All lines below between the line with "Blue Waters ran" and the line with "ESPAÑA. SERIE COMPLETA", including both, must be copied exactly, and the pictures must be omitted.

──────────

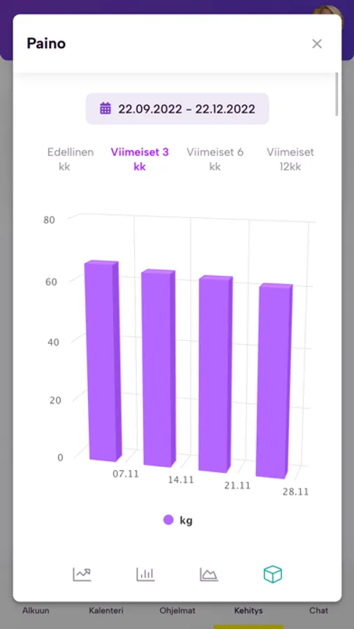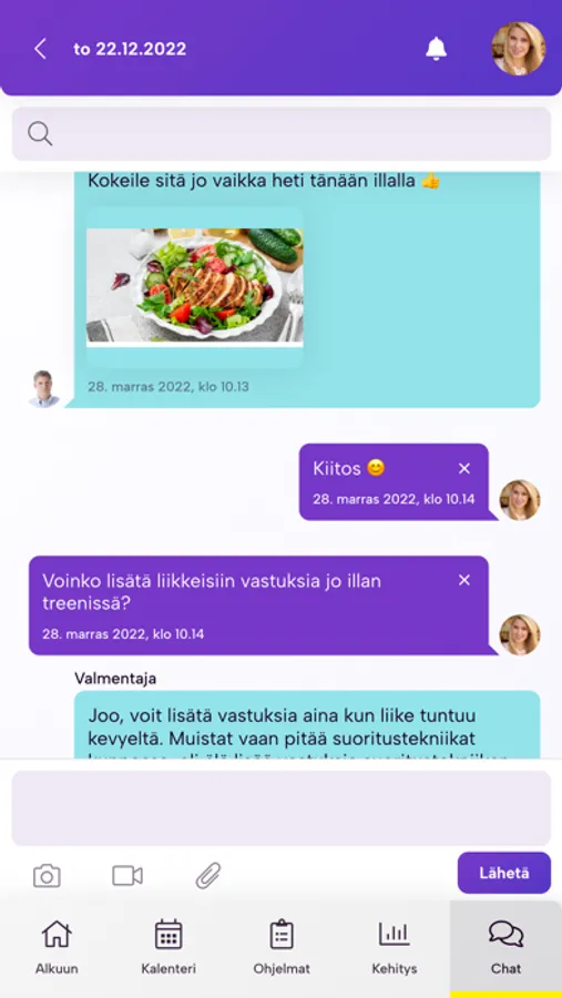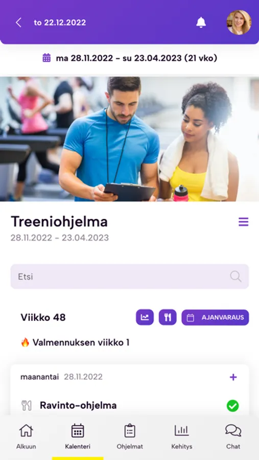 Treeniohjelmat, ravinto-ohjelmat ja kehityksen seuranta.
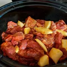 1. Put seasonings, then potatoes and beef on top. Beef stew packet mixed it with 1⅓ water. Threw that in.
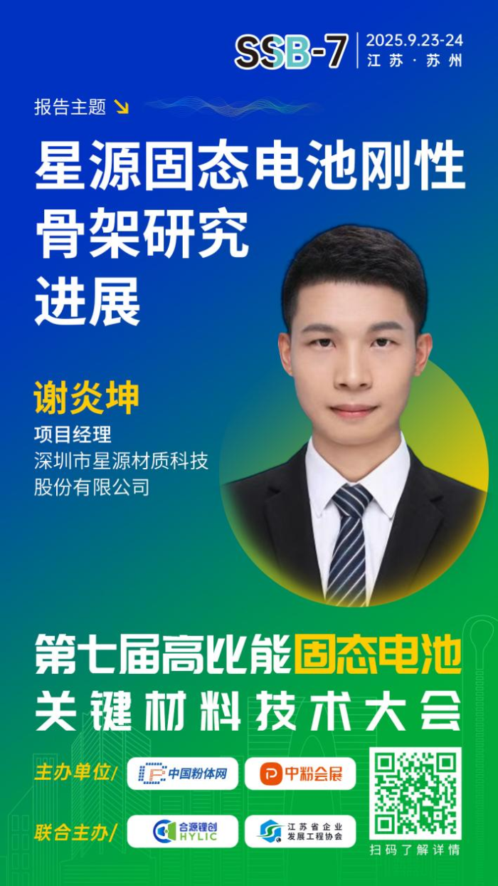 中國粉體網(wǎng)聯(lián)合合源鋰創(chuàng)、江蘇省企業(yè)發(fā)展工程協(xié)會,將于2025年9月23-24日在蘇州舉辦第七屆高比能固態(tài)電池關鍵材料技術大會。本次大會將聚焦固態(tài)電解質、正負極材料、界面工程、智能制造及產(chǎn)業(yè)化進展等熱點議題,深入探討固態(tài)電池的未來發(fā)展趨勢及挑戰(zhàn)。為致力于固態(tài)電池技術開發(fā)的企業(yè),科研院校,以及新能源汽車、儲能、消費電子等終端企業(yè)提供信息交流的平臺,開展產(chǎn)、學、研合作,助推固態(tài)電池產(chǎn)業(yè)化。屆時,深圳市星源材質科技股份有限公司謝炎坤博士將作題為《星源固態(tài)電池剛性骨架研究進展》的報告。
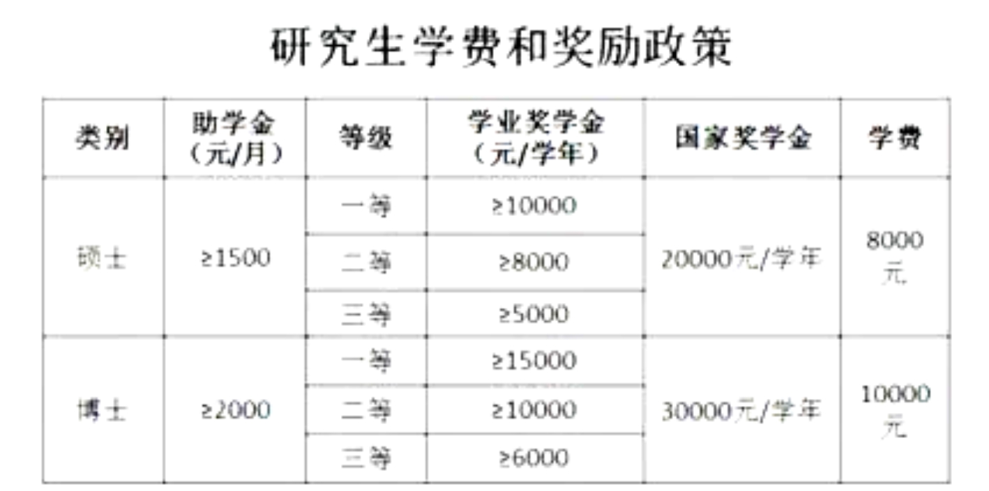 硕士基本助学金不低于1500元/月(覆盖面100%),学业奖学金不低于10000、8000、5000元/学年,国家奖学金(每生每年20000元,覆盖面由国家制定)、其他岗位助学金、奖金不含在内。
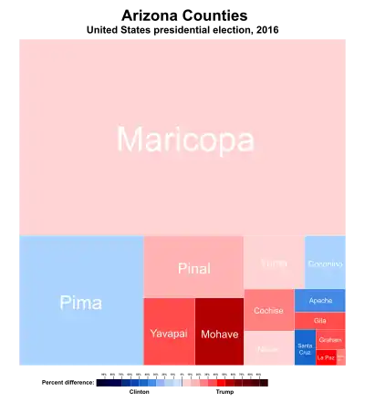 Donald Trump won Arizona with a margin of 3.5%, a reduced margin from Mitt Romney's 9.03% margin in 2012.[21] Arizona was among the eleven states in which Hillary Clinton outperformed Barack Obama's margin in 2012,[22] primarily due to an increase in Hispanic voter turnout in southern Arizona, including heavily populated Maricopa County. Maricopa County in particular went from a 10.69% margin of victory for Romney in 2012 to a 2.84% margin of victory for Trump—one of only three times that a Democrat has come closer to carrying the county since 1964. Indeed, the only closer margin since that time came in 1996, when Bill Clinton won it by 2.2%.
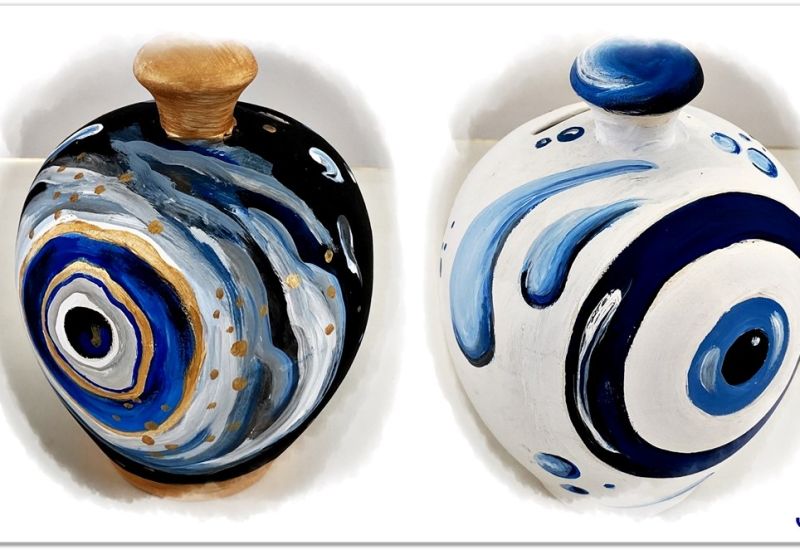 κουμπαράς ζωγραφισμένος στο χέρι με θέμα το μάτι. Μπορούμε να σας το φτιάξουμε στο χρώμα και στο θέμα της επιλογής σας.
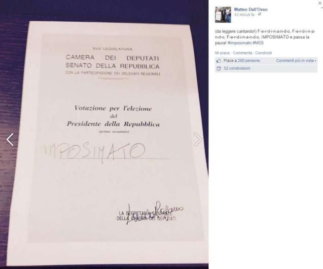 Online la scheda con il voto per il Colle, polemiche sui parlamentari M5S
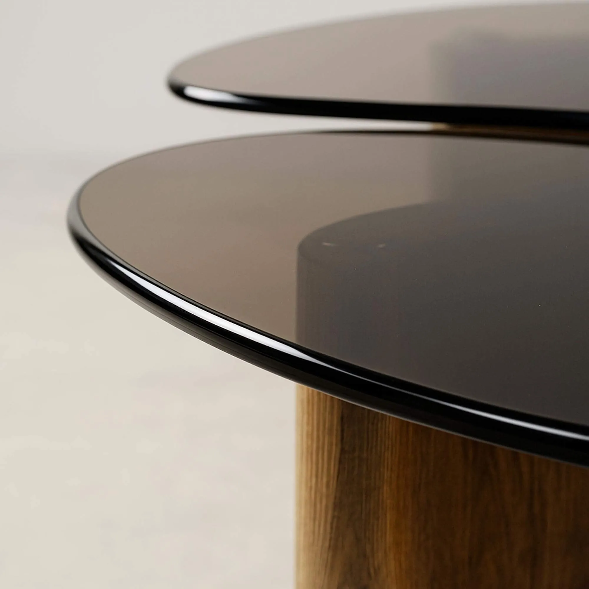 Binnen de Tinto-collectie wilden we een andere manier verkennen om de salontafel te benaderen: visueel lichter, verfijnder, maar met behoud van de diepte en warmte van hout. Deze organisch gevormde salontafel met glazen blad in twee modules speelt met de transparantie van het getinte glas en de ronding van de gebogen houten poten, waardoor een geheel ontstaat dat zowel luchtig als karaktervol is. Vanaf de eerste schetsen wilden onze ontwerpers een stuk creëren waarin het licht vrij kan circuleren, zonder ooit in te boeten aan stabiliteit of aanwezigheid.
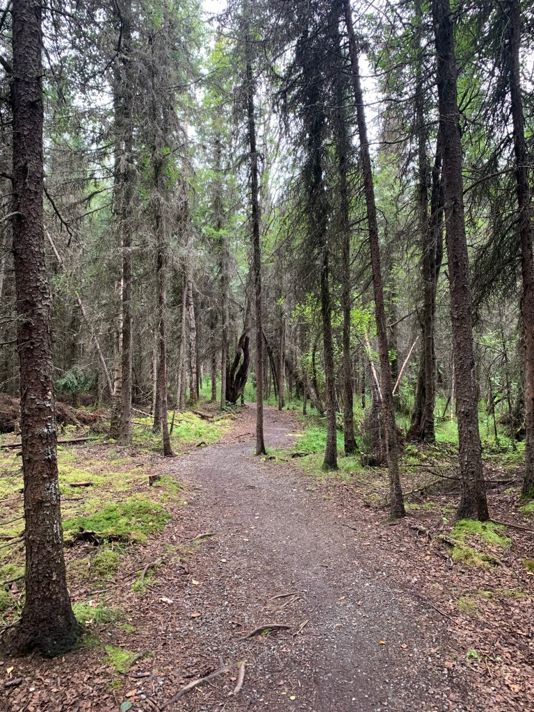 After crossing the bridge, the path continued ahead of us, but a small, narrow path that looked like a single track trail snaked up a hill on the right into the trees. Could this be it? We clambered up to see.
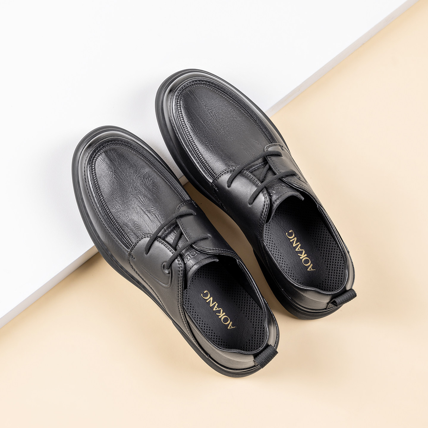 奥康男鞋春秋季时尚商务休闲皮鞋男真皮软面系带办公室百搭爸爸鞋
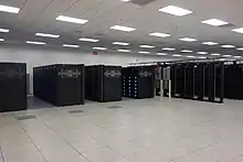 Blue Waters ran science and engineering codes at sustained speeds of at least one petaFLOPS. It had more than 1.5 PB of memory, more than 25 PB of disk storage, and up to 500 PB of tape storage.[4] The storage filesystem was the Cray Lustre parallel file system, which is capable of terabyte-per-second storage bandwidth. It was connected with 300 Gbit/s wide area links.[5]
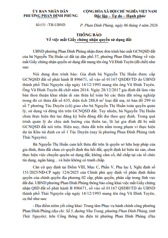 Về việc mất Giấy chứng nhận quyền sử dụng đất của bà Nguyễn Thị Huấn (sử dụng đất tại phường Túc Duyên nay là phường Phan Đình Phùng)
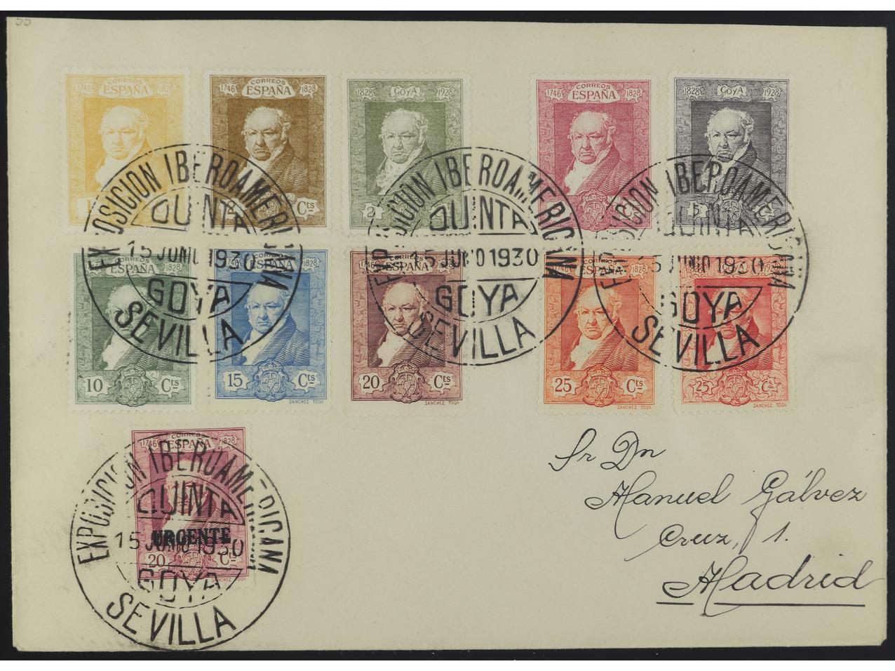 ESPAÑA. SERIE COMPLETA en carta de SEVILLA (16 Jun. 1930) a MADRID. PRECIOSA. RARA. Ed.517/30. (Image1)
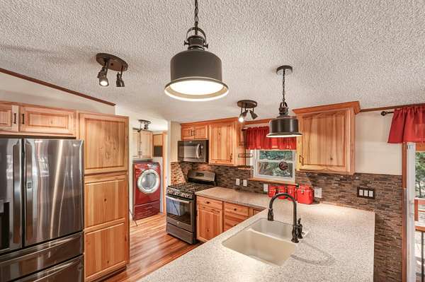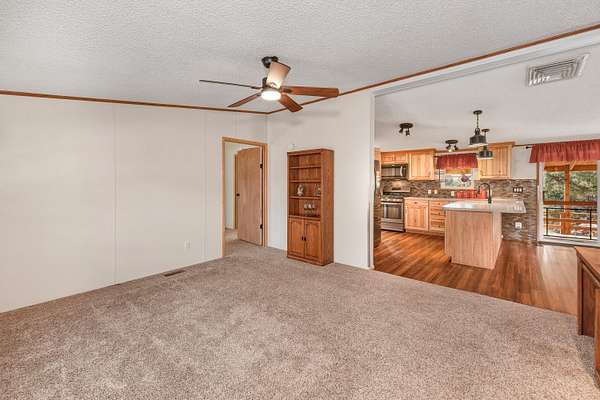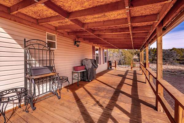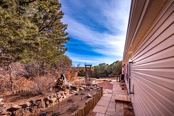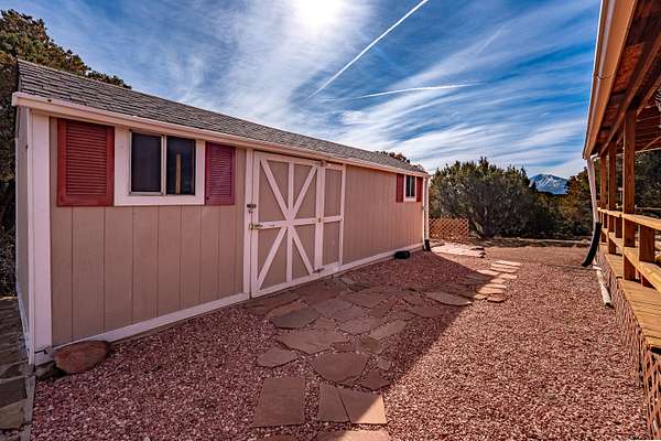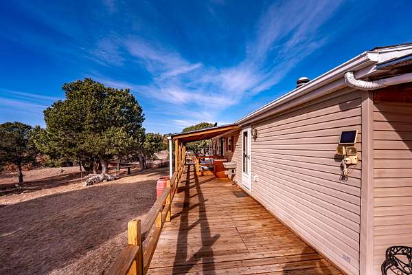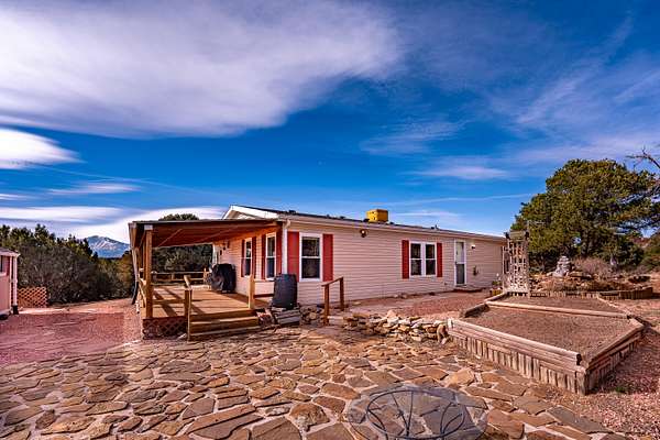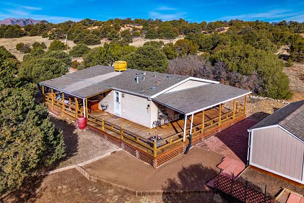 Welcome to a private Colorado property where thoughtful design meets expansive outdoor living. This newly listed 2-bedroom, 2-bathroom home offers 1,188 square feet, and 2.28 acres of well-appointed space, connecting seamlessly to over 80 acres of greenbelt property for unmatched privacy and natural beauty. Inside, the living room transitions effortlessly into an updated kitchen featuring modern appliances, refreshed cabinetry, and contemporary lighting. The kitchen extends into a versatile dining/bonus room with direct access to a covered deck -- perfect for savoring Southern Colorado's stunning sunrises and sunsets. The primary suite delivers comfort with a generous closet, spacious bathroom with a walk & roll-in shower, and additional linen storage. A wraparound deck provides entertaining possibilities, while the gravel circle drive, RV hookup ensure convenience for every lifestyle. A storage shed with an integrated workshop adds practical value for a variety of projects. Additional features include an on-demand hot water heater, professional landscaping complemented by water-wise xeriscaping, community water access, and county-maintained roads. This home strikes a rare balance between cozy comfort and outdoor freedom, making it an exceptional find. Call today!
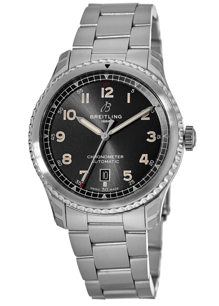 Stainless steel case with a stainless steel bracelet. Bi-directional rotating stainless steel bezel. Black dial with luminous silver-tone hands and Arabic numeral hour markers. Minute markers around the outer rim. Dial Type: Analog. Luminescent hands and markers. Date display at the 6 o'clock position. Breitling calibre 17 automatic movement with a 38-hour power reserve. Scratch resistant sapphire crystal. Screw locked crown. Solid case back. Round case shape. Case size: 41 mm. Case thickness: 10.74 mm. Band width: 21 mm. Deployment clasp with a push button release. Water resistant at 100 meters. Functions: date, hour, minute, second, chronometer. Luxury watch style. Swiss Made. Breitling Avaitor 8 Automatic Chronometer
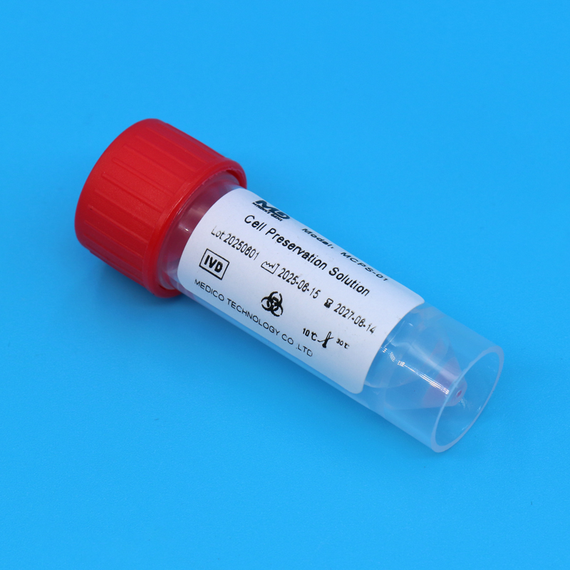 HPV Cell Preservation Solution MCPS-01, composed of Potassium Chloride, Potassium Dihydrogen Phosphate, Disodium Hydrogen Phosphate, Sodium Chloride, Tween-20, Glacial Acetic Acid, and EDTA, is designed for preserving cervical exfoliated cells and secretion samples. It optimally maintains cellular morphology integrity and is primarily used for Human Papillomavirus (HPV) testing and cervical cancer-related lesion screening. Its main application scenarios include hospitals, CDCs (Centers for Disease Control and Prevention) and medical technology companies.
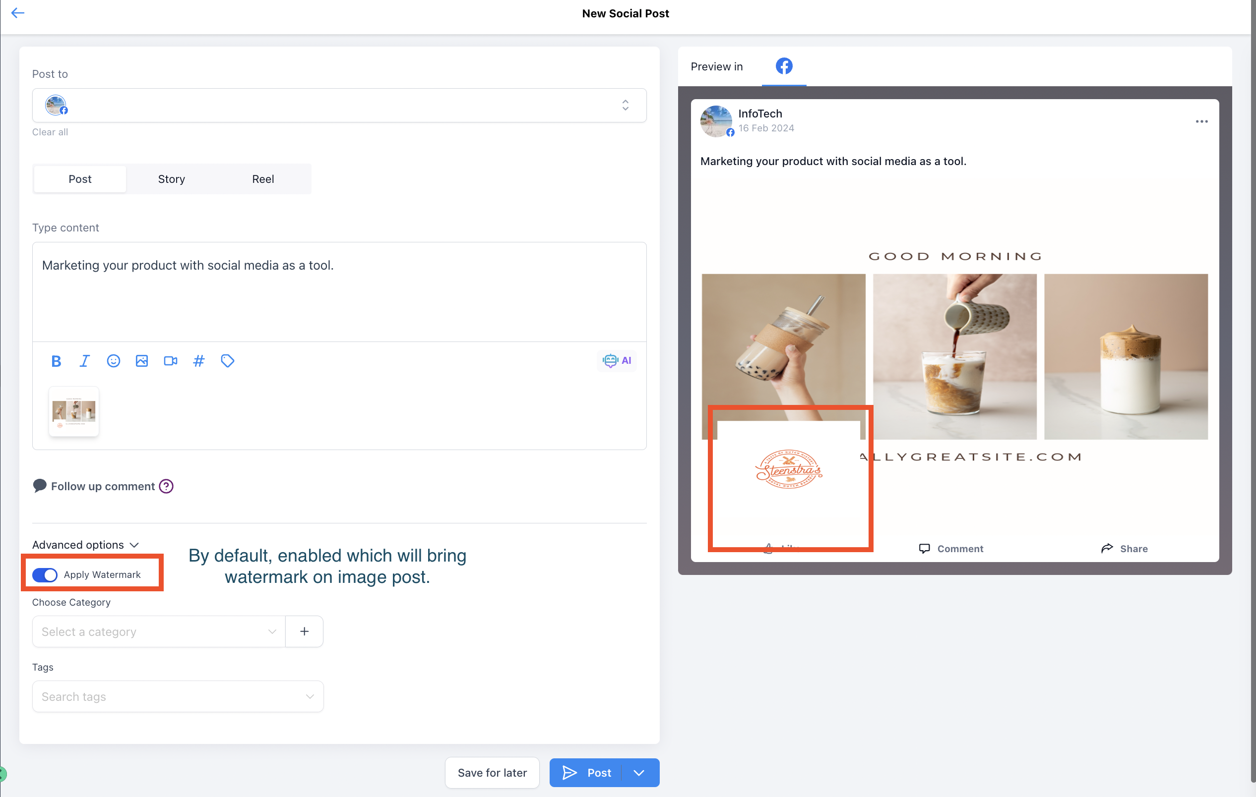 5. By default, watermark will be added to all the posts - image or videos. In the advance settings, we provide option ti turn off watermark.
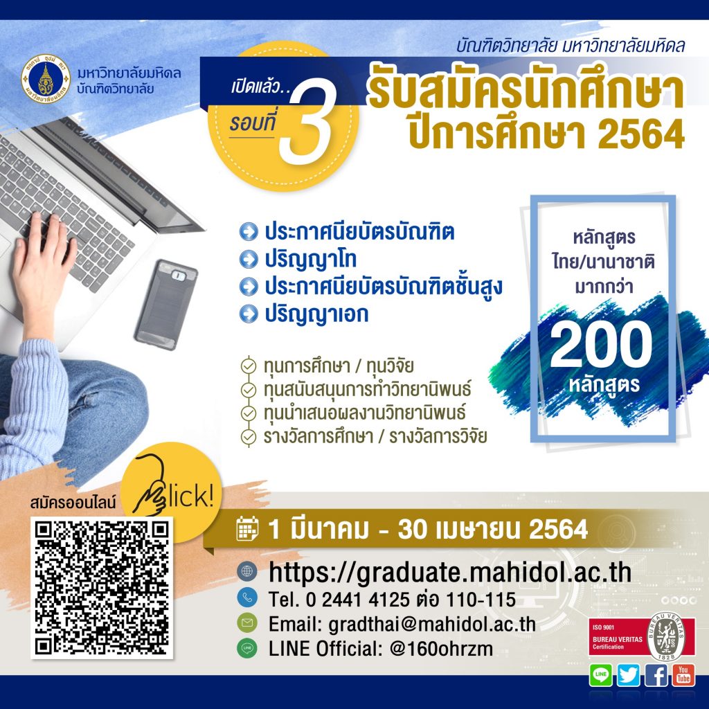 Mahidol University postponed the Graduation Ceremony for Academic Year 2020 because the COVID-19 situation is getting worse. We will keep you posted regarding the ceremony details when the situation gets better.

──────────

Task output>
 Blue Waters ran science and engineering codes at sustained speeds of at least one petaFLOPS. It had more than 1.5 PB of memory, more than 25 PB of disk storage, and up to 500 PB of tape storage.[4] The storage filesystem was the Cray Lustre parallel file system, which is capable of terabyte-per-second storage bandwidth. It was connected with 300 Gbit/s wide area links.[5]
 Về việc mất Giấy chứng nhận quyền sử dụng đất của bà Nguyễn Thị Huấn (sử dụng đất tại phường Túc Duyên nay là phường Phan Đình Phùng)
 ESPAÑA. SERIE COMPLETA en carta de SEVILLA (16 Jun. 1930) a MADRID. PRECIOSA. RARA. Ed.517/30. (Image1)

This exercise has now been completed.